How to handle the tox.ini constraint for each Tempest new tag
Tempest is branchless and releases the tags per cycle but tox.ini has hard-coded default constraint to as master constraint. So older Tempest tag’s tox.ini (with the master constraint to use) might not compatible. We need to pin constraint in tox.ini when we release the new tag.
- Document the process for when to merge the tox updates and what all things to do, for example, devstack changes etc.
Migrate hacking checks from diff. projects to hacking itself
We want to make sure we add/cover pep8/ flake8 most common and important checks to hacking itself: https://etherpad.opendev.org/p/hacking
- Comment on the etherpad and discuss them in the office hour
Description for testcases as docstrings
This is ongoing work to add the test docstring: https://blueprints.launchpad.net/openstack/?searchtext=testcase-description
For further steps, we discussed to publish those docs with the auto-generation option in tempest doc.
Victoria Priority & Planning
We discussed the Victoria priority and here is the list: https://etherpad.opendev.org/p/qa-victoria-priority
We discussed what went well and what to improve next. There are few things that went well in Ussuri cycle:
- After RC1 things went fairly smooth.
- We recruited two new cores (+ new stable cores \o/)
- Policy work done finally, whoop! +1 (this was a lot of code)
- nova-network is dead (along with nova-console, nova-consoleauth, nova-dhcpbridge, …)
- We went Python 3-only at last.
On improvement side, more reviews are needed to get fast merge in nova. And still Cores are not as per the projects ongoing work.
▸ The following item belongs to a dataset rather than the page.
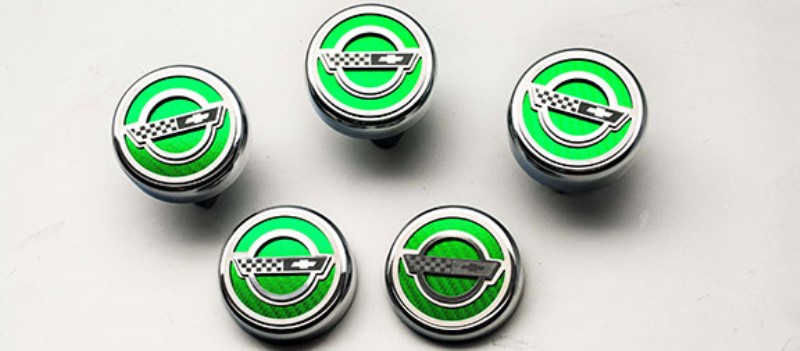 Cap Cover Set, Fluid Caps, Green Carbon Fiber C4 Logo Vinyl Inlay - 5pc (Auto Trans)

[nova][oslo]: Policy migration to handle scopes and roles.:
There was one bug reported when users generate the JSON format policy file from Oslo tool where the policy file has all new defaults rules without the deprecated values. -https://bugs.launchpad.net/nova/+bug/1875418
We discussed possible issues the operator can face while adopting the new policy. Migrating to a new policy should be smooth and should have a consistent way to use the policy file. Policy file in JSON format is an issue where you cannot comment on the default rules. We should provide a better way to use the policy file.
Policy file should only have override rules not the one with default values. Now we have a policy in code so any rule not present in policy file will be taken from default in code. If no rules to override then it is fine not to pass the policy file itself. Below are the next steps and working item we need to finish in Victoria cycle:
- Warning if default rules in file
- Upgrade check will be a good place too
- Deprecation on the tool for JSON generation and then remove it in the next cycle
- Warning on policy file being passed as JSON to Oslo
- Change config policy_name default value from policy.json -> policy.yaml
- convert the JSON file to YAML with default rules as commented out but keeping the overridden rule uncommented.
As a summary, the first step will be to deprecate the JSON format and migration steps to YAML format. Also, we need to add upgrade checks for the policy file format change and documents it clearly on project side documentation.
[nova][oslo]: Add a /healthcheck URL
This is to add healthcheck endpoint for nova to check if service running or ready to use for example load balancer can call this endpoint to know the status. There are multiple things to cover to say if service is healthy or not like DB, MQ, services and Cell are able to communicate or not. We cannot cover or report the complete health of node which are more scoped on client side instead of nova.
Details for flow and example response are in https://etherpad.opendev.org/p/nova-healthchecks
We discussed and agreed on below things to do as part of healthchecks:
- Do the auth data collection via cache what Dan mentioned in the review (731396) and healthchecks will return that cache info to unauth users without talking to any DB/MQ(basically no processing of data)
- API worker checks is ok to do and system level checks can be on client side or external to nova as that include the all node scan etc
- It will be implemented as Nova healthchecks plugin and what all things to be added in this will be discussed in next sessions I nova PTG.